Mechanism one: VoIP spoofing at industrial scale
The cheapest and most common way to defeat a callback is also the oldest: make the number you control appear to be the number the broker is dialing. Caller-ID spoofing through VoIP services has been technically possible since the early 2000s. What changed in 2024 and 2025 is volume, automation, and the fact that load board fraud groups began running it as a routine line item rather than an exotic tactic.
Highway's Q2 2025 Freight Fraud Index, published in late July 2025, reported that the platform blocked more than 42,000 fraudulent inbound calls in a single quarter — a 37% jump over Q1 2025 [2]. The Q3 2025 index, released that October, flagged 62,531 fraudulent phone numbers and recorded 149 unauthorized FMCSA contact changes in the quarter [3]. The Q3 brief made the implication explicit: spoofed or VoIP numbers were "increasingly used to solicit load details or submit fraudulent contact changes that enable account takeover."

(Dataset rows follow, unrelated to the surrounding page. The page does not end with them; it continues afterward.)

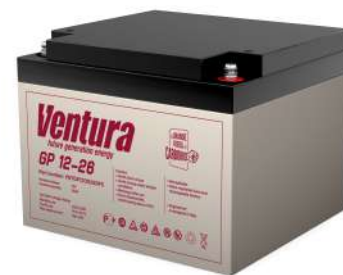
Габаритные размеры, мм
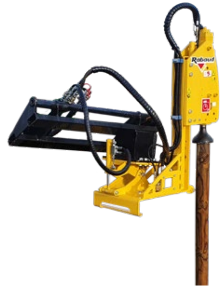
VIBRESCOPIC PRO 17/35
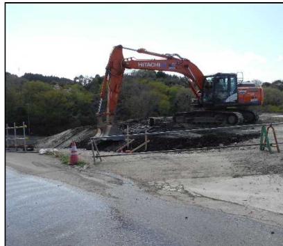
① 選別土仮置・盛土工
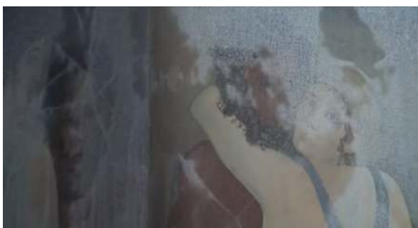
Obr. 4 a 5. Zábery z filmu Felliniho Rím (1972, r. Federico Fellini)

Abstraktný horor vzduchu v okamihu brutálne ničí krásu, v ktorej sme sa práve ocitli. Bolestivý mystický zážitok z tejto scény môže divák, so slzami v očiach, len veľmi ťažko reflektovať prostredníctvom jazyka. Nanajvýš by ho bolo možné prirovnať ku strate končatiny. Fellini akoby útočil na našu samotnú existenciu, lebo len na jej základe dokážeme dobre posúdiť význam situácie, ktorú nám načrtáva; predostiera komplexný ontologický problém a vysvetľuje ho pomocou telesnosti.

Trade press picked the pattern up in parallel. Truck News documented spoofed-number cargo theft incidents in which fraudsters used burner VoIP lines to impersonate dispatchers, including cases where the spoofed number matched the carrier's registered area code closely enough to defeat a casual eye-check [4]. Once spoofing is cheap, the strict callback rule becomes structurally equivalent to no callback at all: the broker dials a number, talks to someone who answers in the carrier's name, and learns nothing about whether the person on the other end has any relationship with the actual carrier.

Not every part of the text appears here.